Challenging the Conventional in a Post-COVID-19 Era: Why it is Time for Innovation in Clinical Trial Technology

Shake Off the Shackles Concept

Clinical Researcher—February 2022 (Volume 36, Issue 1)

TRIALS & TECHNOLOGY

Ricky Lakhani

 

With accelerations in medical science and the advent of personalized medicine and patient centricity, drug and device developers have the chance to tackle unmet needs and grow their businesses like never before, but only if they make wholesale changes to the way “do” clinical trials.

Spiralling operational costs, strict compliance procedures, and difficulties in recruiting and retaining participants are age-old barriers to efficient development. Trends such as more complex trial designs, ever tightening regulations, and targeted therapies reducing the pool of potential study subjects are only serving to compound these problems.{1} In addition, there is a growing supply and demand issue—since the arrival of COVID-19, the overall volume of clinical trials and the number of procedures and endpoints they include has skyrocketed, yet sites are facing increasing financial and staffing pressures.{2}

The time is right to shake off these shackles and realize the potential of innovation. How the industry responded to COVID-19 has proved that it is possible, and now it must elevate the conversation and realize that cutting-edge science needs cutting-edge technologies.

Pandemic Change

Digital solutions are nothing new, but COVID-19, which demonstrated the need for agile, adaptable trials and for better risk management, also highlighted just how far clinical trial technology has come in recent years.

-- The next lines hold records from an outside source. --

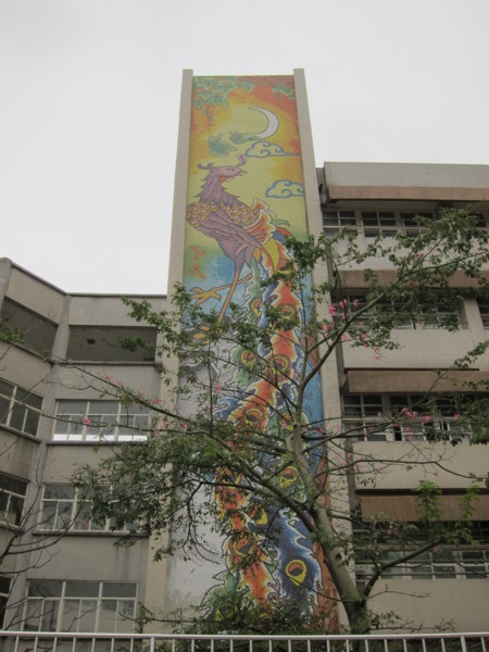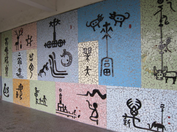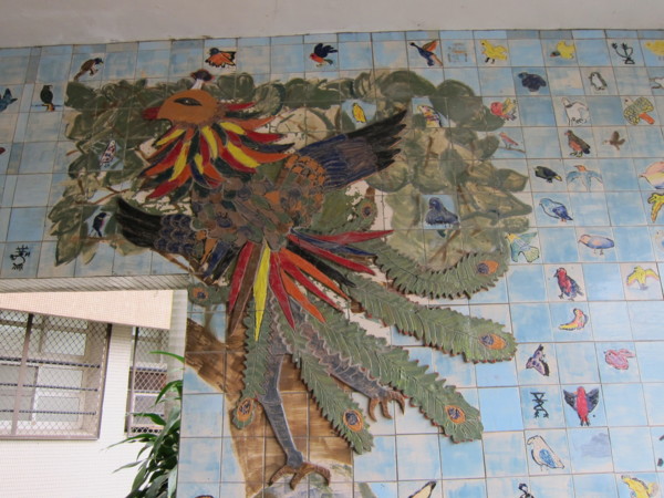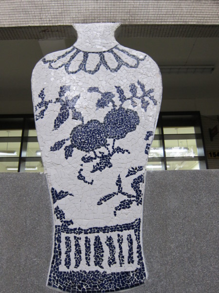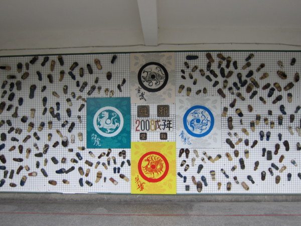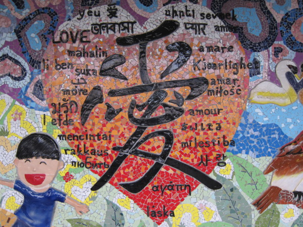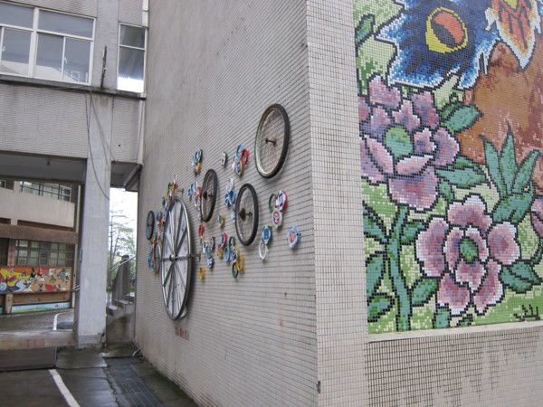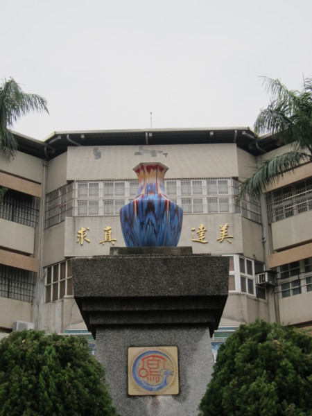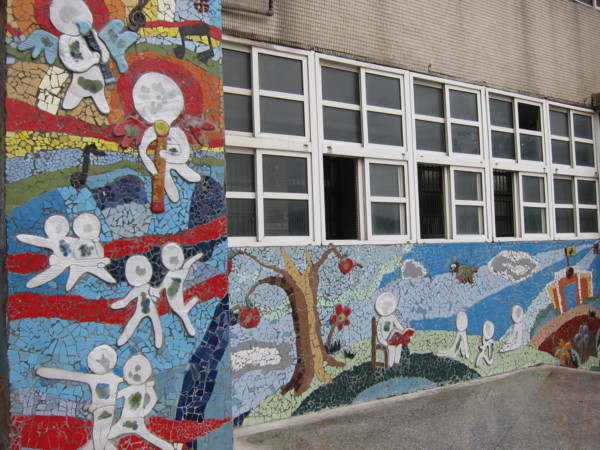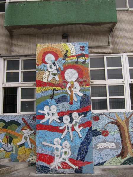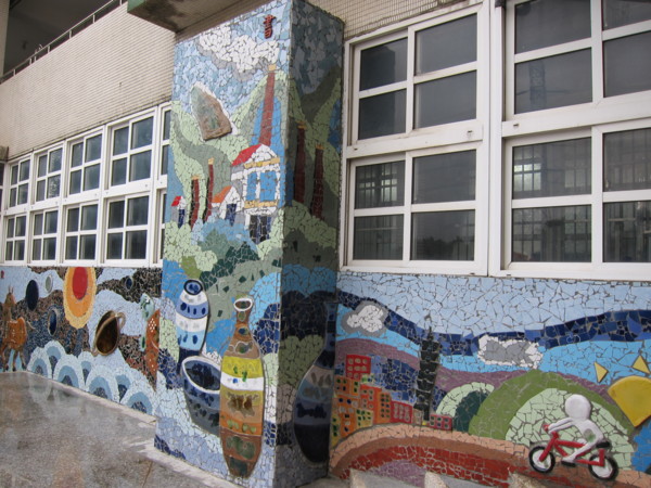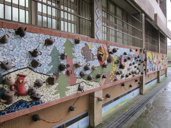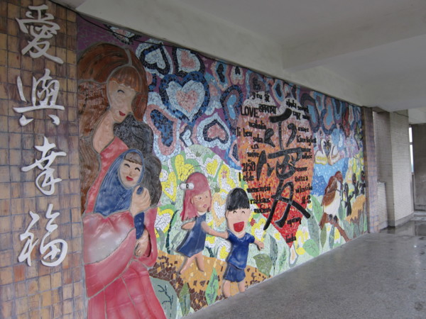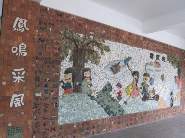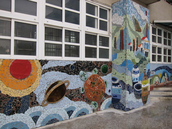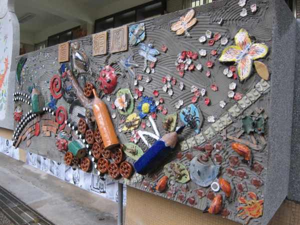 陶藝家潘鎮材說,花瓶以陶瓷鑲嵌雙面仿製而成,學童也參與創作,年代、器皿特色、圖案及造型等皆有考究;學校也安排學生為校慶創作「愛與幸福」陶瓷鑲嵌牆,兩公尺高、斗大「愛」字,搭配廿五國語言「愛」的寫法,融入一百顆以上愛心,希望學生心中有「大愛」。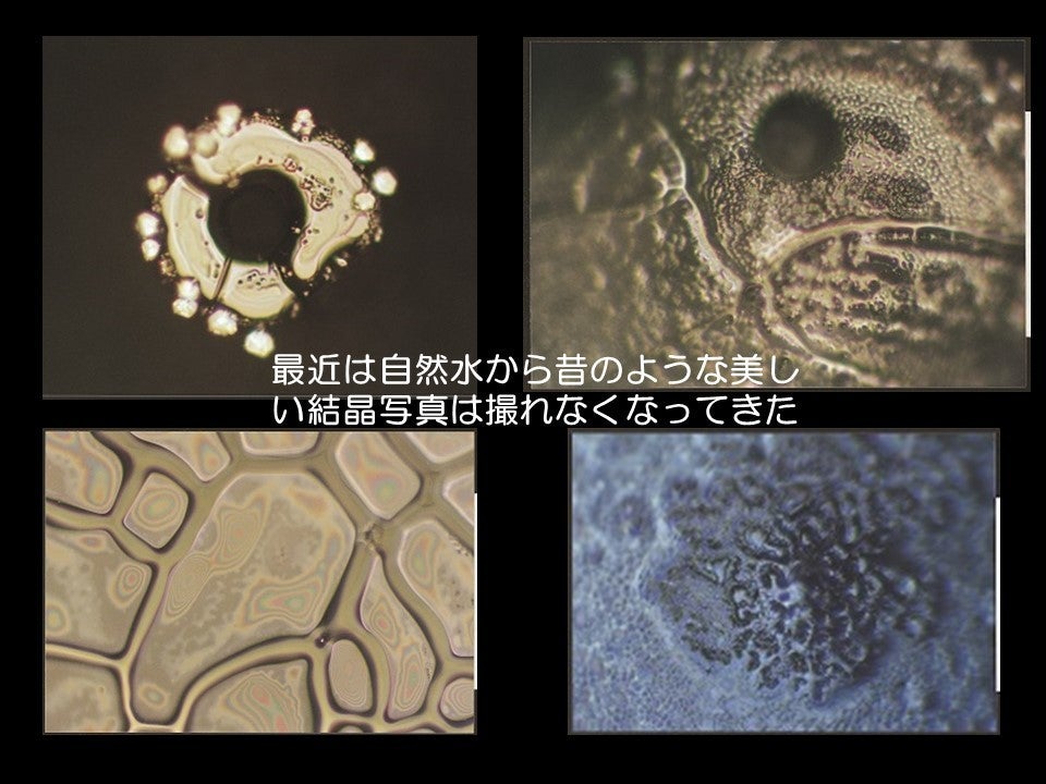 江本勝亡き後も、私どもは国内外のさまざまな水の氷結結晶写真をこつこつと撮影してきました。清らかな水は美しい結晶を見せてくれますし、汚れてしまった場所や荒れている土地のお水の多くは結晶の形が崩れてしまっています。また、以前はきれいな結晶写真が撮影できた場所の水ですら、今ではそのときのように美しい結晶写真が撮影できなくなっている場合もあります。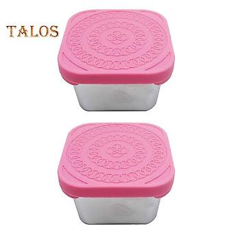 2Pcs Stainless Steel Sauce Cup With Silicone Lid Food Grade Rectangle Leak proof Salad Dressing Container Snack Lunch Sealing Box Kitchen Supplies

According to an article published in The Lancet in August 2020,{3} thousands of trials were suspended at the start of the pandemic to comply with social distancing and lockdown rules. As these studies came back online, sponsors and contract research organizations (CROs) turned to clinical trial technology to get back up and running quickly, safely, and cost effectively. What they found was that today’s digital platforms are faster, easier, and cheaper to implement than their traditional counterparts, and that they were more suited to modern trial conduct than ever before.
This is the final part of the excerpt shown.